The design is mainly divided into three steps:
Outline design: receive the required documents and complete the decomposition of modules
Detailed design: design its internal details (algorithms, data structures, variables, etc.) according to the decomposed modules

module

(A module is a lexically contiguous sequence of program statements, scoped by boundary elements, with an aggregate identifier)

Semantic adjacency consists of program statements.
There are signs of start and end, that is, there is a boundary.
It has an aggregation identifier.

High Cohesion, Low Coupling

1.2 Module Cohesion

accidental cohesion

A module performs multiple completely different functions without any logical relationship

Certain regulations dictate that each module must be of a certain size

Decreased maintainability
Difficult to reuse

least cohesive

solve:

complete functional division

logical cohesion

A module can perform many related operations , the cohesion of the selection is made by the calling module

There is a problem that the interface is difficult to understand.
Modifying the content of a module can easily affect other modules

Difficult to reuse

Gather in time

The execution of many operations is time-related and illogical (actions are time-sequenced, not logical-sequenced)

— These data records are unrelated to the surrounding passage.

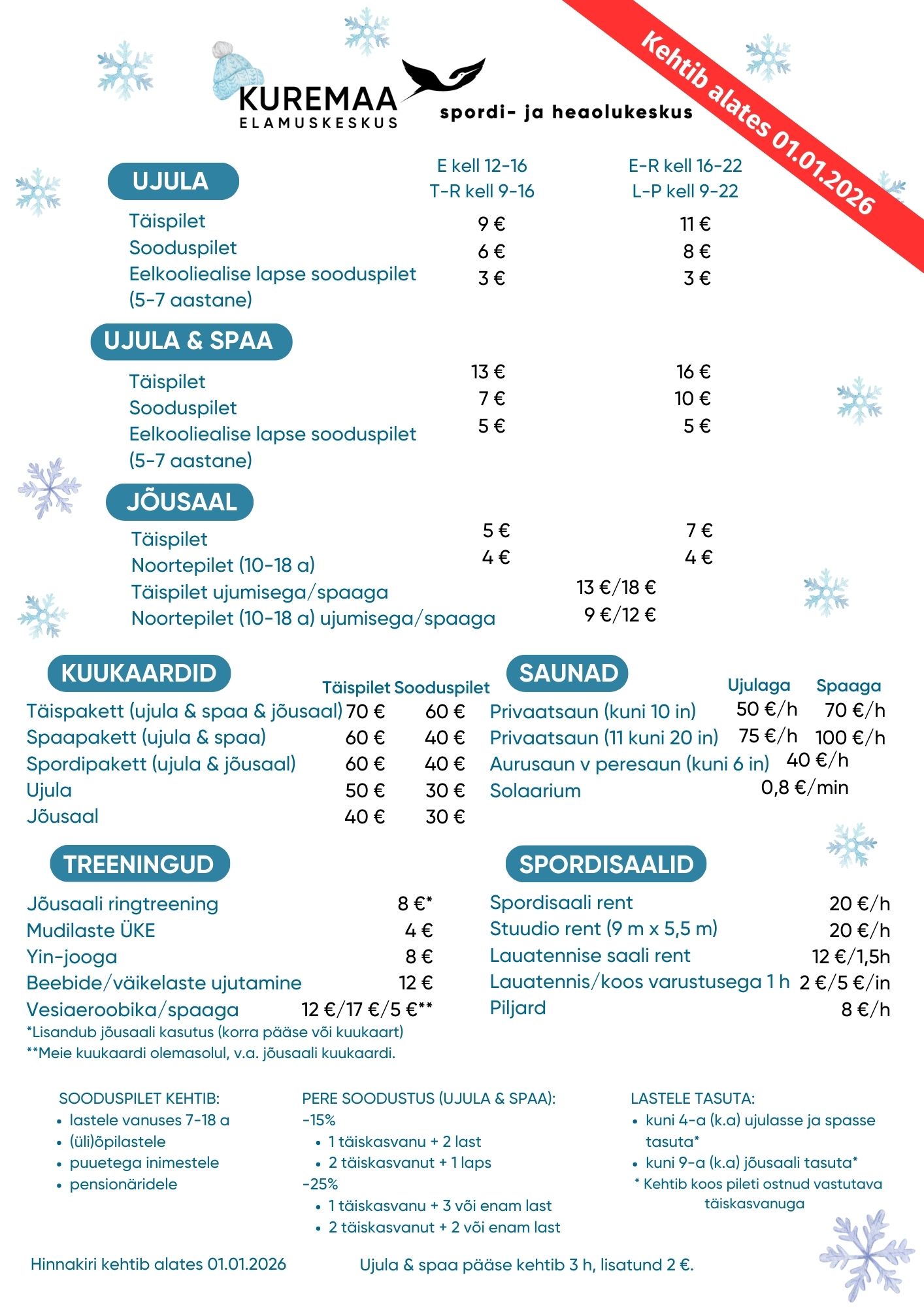 Kuremaa Elamuskeskuse hinnakiri 2026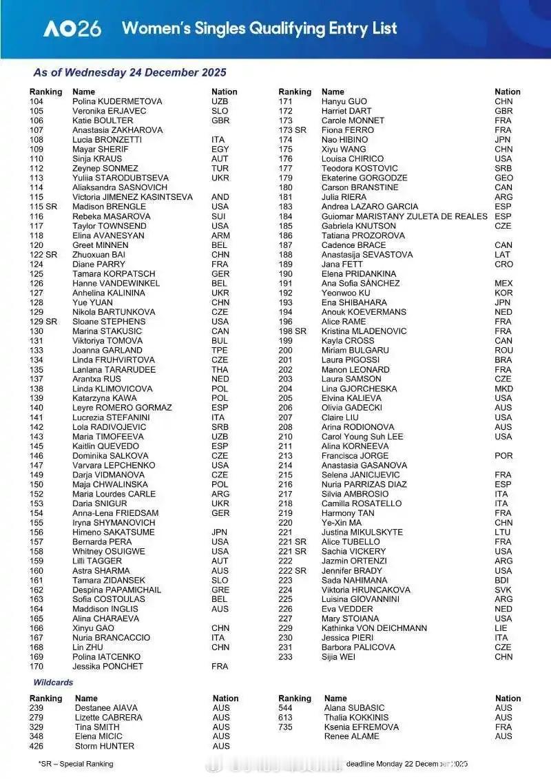 小花小草资讯【澳网202】中国球员资格赛名单女单:8人入围袁悦🇨🇳朱琳🇨🇳白卓璇🇨🇳(SR)高馨妤🇨🇳王曦雨🇨🇳郭涵煜🇨🇳马烨欣🇨🇳韦思佳🇨🇳(最后一个入围)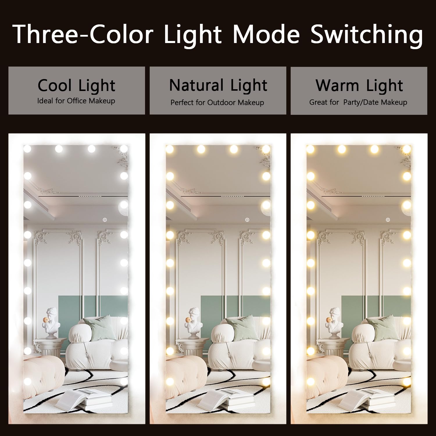 CASSILANDO Voll Länge Spiegel mit Lichtern, 160x50 Boden Körper Hollywood StehendSpiegel, Wand montierte Spiegel mit Licht für Schlafzimmer, Dimmen & 3 Farbmodi (Weiss)

The internal correlation of the module is relatively weak, and the external correlation is relatively strong
Poor reusability of software modules

solve:

complete functional division

Process cohesion (cohesion is higher than the first three)

Many operations have a logical sequence (if the order is reversed, the function cannot be realized)

The action relationship is not very strong
and the reusability is poor

correspondence

Perform a series of operations, related to the order in which the product is to be performed, and operate on the same data

poor reusability

functional cohesion

Execute only one operation, or complete only one function

The possibility of reuse is the greatest.
It is relatively easy to perform corrective maintenance.
It is easy to realize product expansion.

Information cohesion (highest ideal cohesion)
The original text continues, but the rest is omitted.